Tam bu sırada Mısır'da Hür Subaylar lideri Cemal Abdül Nasır 1952 Mısır Devrimi'ne önderlik etti ve Arap milliyetçiliği Nasırcılık ile yükselip zirveye ulaştı. Nasırcılık, anti-emperyalist bir duruşla Pan Arabizm'e dayanan bir toplumsal düzeni teşvik etti. Ve Nasır, toprak reformu ve ülkedeki yabancı şirketleri millileştirmesi gibi sosyalist esintili reform hareketleri sayesinde Arap dünyasının gördüğü en önemli liderlerden biri haline gelecekti. Bu nedenle Nasırcılık, sadece Mısır'ı değil diğer Arap ülkelerini de etkileyen bir ideoloji olan Arap sosyalizminin kurucu ideolojisi olarak kabul edildi.  [7]


ABD 1950'de Orta Doğu Savunma Örgütü’nün kurulmasını önerdiğinde Mısır katılmayı reddetti. Kısa bir süre sonra, Nasır'ın 1956'da Süveyş Kanalı'nı millileştirmesi, kendisi için önemli bir siyasi zafere işaret ediyordu. Sonuç olarak Sovyet-Mısır ilişkileri güçlendi. Bölgede algılanan Sovyet tehdidine karşılık olarak ABD, 1957'de komünizme direnen uluslara ekonomik ve askeri yardım sunan Eisenhower Doktrinini uygulamaya koydu. Bu hamle, 1955 yılında İngiltere, Türkiye, Pakistan, İran ve Irak tarafından imzalanan MEDO'nun bir uzantısı olan Bağdat Paktı ile kurulan Batı yanlısı bloğu güçlendirdi. Eş zamanlı olarak 1958'de Birleşik Arap Cumhuriyeti'nin kurulması, Irak devrimi ve Lübnan'daki iç karışıklık gibi olaylar bölgesel istikrarsızlığı arttırdı.

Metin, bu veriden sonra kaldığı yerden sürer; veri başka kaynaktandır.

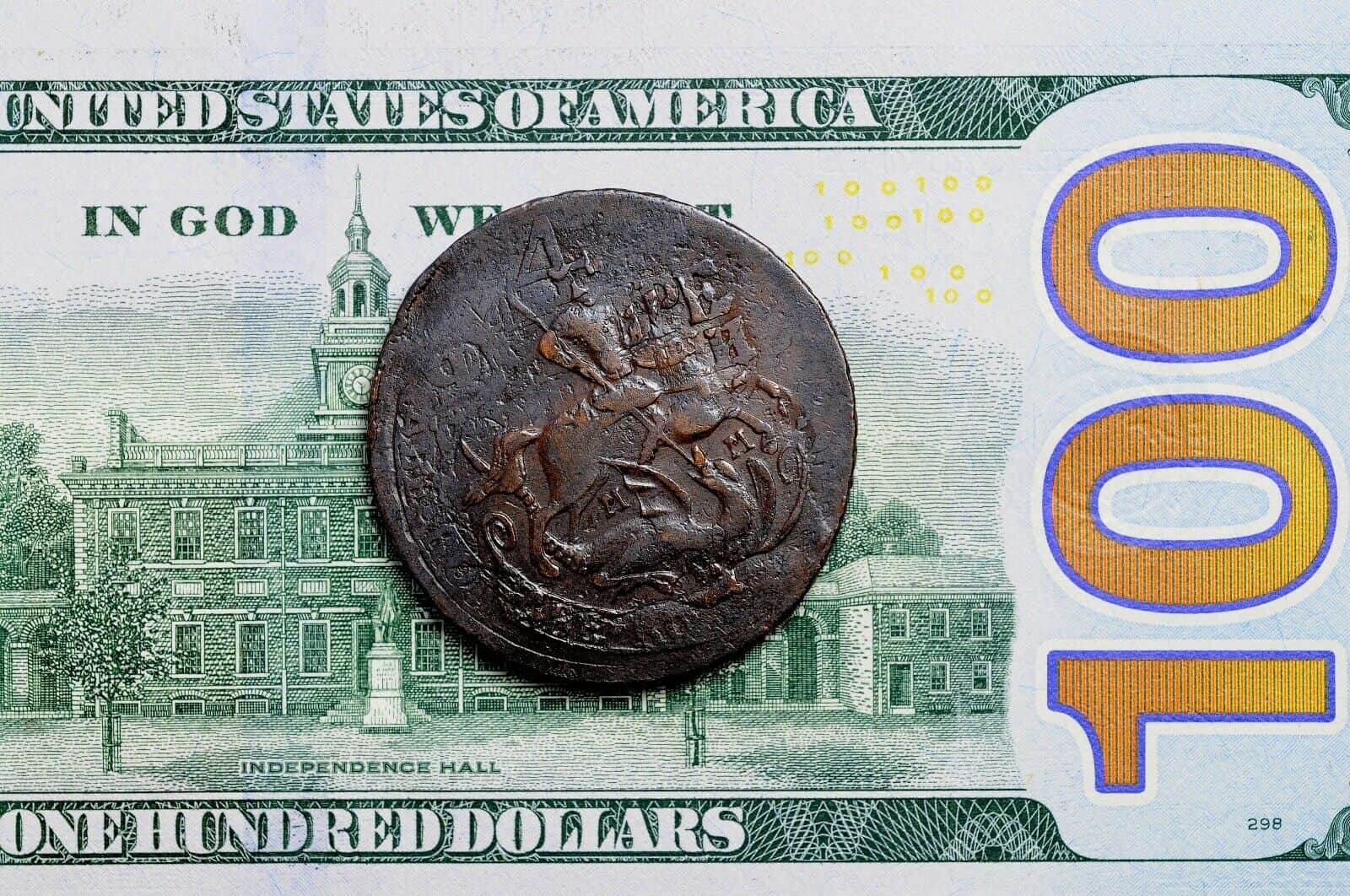 RUSSIAN EMPIRE CATHERINE II 2 Kopeks 1763 MM Overstrike from 4 Kopeks 1762

1960'larda ABD'nin Orta Doğu'daki üslere olan ihtiyacı azalmış, hedeflerini Hint Okyanusu'ndan füze atan deniz piyadeleriyle vurma kabiliyeti artmıştır. Ayrıca Yemen savaşında ABD, Mısır ve Suudi Arabistan arasında arabuluculuk yapmış ve Suudi Arabistan ile ilişkilerini güçlendirmiştir. Kennedy'nin kısa süren başkanlığı sırasında (1961-1963) İsrail ile ABD arasındaki bağlar güçlendi ve ABD, İsrail'e ilk büyük Amerikan silah sisteminin satışını onayladı. Johnson yönetimi de (1963-1967) aynı şekilde hareket etti, ancak İsrail ve Mısır arasında Tiran Boğazı'nda artan gerginlikten kaynaklanan 1967 Altı Gün Savaşı sırasında İsrail'e verdiği nihai desteğin bir sonucu olarak Mısır, Suriye ve Irak ABD ile diplomatik bağlarını kopardı. [8]

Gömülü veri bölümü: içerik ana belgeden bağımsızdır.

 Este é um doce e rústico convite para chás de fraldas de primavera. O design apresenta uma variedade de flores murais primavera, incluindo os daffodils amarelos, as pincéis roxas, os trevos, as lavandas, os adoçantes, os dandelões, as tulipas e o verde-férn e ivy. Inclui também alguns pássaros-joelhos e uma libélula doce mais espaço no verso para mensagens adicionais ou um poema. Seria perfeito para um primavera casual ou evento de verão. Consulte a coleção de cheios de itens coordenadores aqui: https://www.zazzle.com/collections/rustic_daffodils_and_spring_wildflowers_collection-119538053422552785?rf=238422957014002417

Altı Gün Savaşı şu önemli değişiklikleri ve sonuçları da beraberinde getirdi: İsrail Doğu Kudüs'ü, Batı Şeria'yı ve Golan Tepelerini ilhak ederek 1,5 milyonluk bir Arap nüfusu yarattı; Mısır'ın askeri varlığı kararlı bir şekilde zayıfladı ve Sovyetler Birliği ile tamamen uyumlu hale geldi; Filistin gerilla hareketi faaliyetlerini yoğunlaştırdı ve yeni askeri ve siyasi grupların ortaya çıkmasına neden oldu ve hepsinden önemlisi Nasır ağır bir darbe aldı ve Arap toplumu umutsuzluğa kapıldı. [9]

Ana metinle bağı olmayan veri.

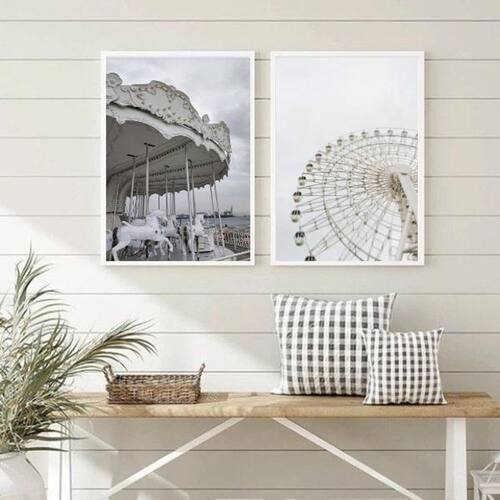 Kit 2 quadros fotografias brancas carrossel e roda gigante 24x18cm Moldura: madeira branca Informações do produto tire todas as suas dúvidas no descritivo abaixo: decoração para quarto, sala, cozinha, escritório, área gourmet e muito mais. Chega de paredes vazias medidas - cada peça tem 24x18cm a5 . Material do papel - papel fotográfico brilhante de altíssima resolução acabamento - todos os quadros são acompanhados de uma película de acetato para proteção da imagem. - os quadros são embalados de forma segura com plástico bolha com camada dupla de acordo com o tamanho dos quadros. - de 3 meses. Meu quadro chegou. Como posso fixá-lo Você precisa apenas de um martelo e um prego, pois os quadros já vão acompanhados de penduradores. Esta é a forma mais indicada. Caso prefira, você pode utilizar uma fita dupla face neste caso, sugerimos de alta qualidade para evitar que descole e seu quadro caia . Como posso limpar meu quadro A limpeza é feita como um móvel comum da sua casa. Apenas um pano seco ou espanador são suficientes para tal Marca: Não Informado

1969'da ABD'de Nixon yönetimi işbaşına geldiğinde, 1967 Savaşı geride ciddi sorunlar bırakmış, bölgede Sovyet etkisi artmış ve Nixon yönetimi daha çok İsrail-Filistin sorununun SSCB ile iki güç, SSCB, İngiltere ve Fransa ile dört güç görüşmeleri yoluyla çözümüne odaklanmıştı. İsrail ve Mısır arasındaki Yıpratma Savaşı daha da uzarken, Amerikan Dışişleri Bakanı William Rogers, kalıcı bir barış için İsrail-Mısır ateşkesinin yenilenmesine ve 1967 sonrası mülteci sorununa adil bir çözüm bulunmasına dayanan bir barış planı- Rogers Planını- ortaya attı.[10]


1967'den 1980'lere kadar Orta Doğu'da neler yaşandı? Yemen; Mısır ve Suudi Arabistan arasındaki çatışmalar arasında 5 yıldır devam eden bir iç savaşın alanı olmaktan yorgun düşmüşken, 1967'de bunu sona erdirmeye karar verdiler. Yemen, Kızıldeniz'in girişindeki konumu ve hayati önem taşıyan nakliye kanallarına yakınlığı nedeniyle stratejik bir öneme sahipti. Avrupa'ya ve Süveyş Kanalı'na giden petrol tankerleri, Yemen'in kıyı şeridi boyunca uzanan dar bir su yolu olan Babülmandep Boğazı'na bağlıdır.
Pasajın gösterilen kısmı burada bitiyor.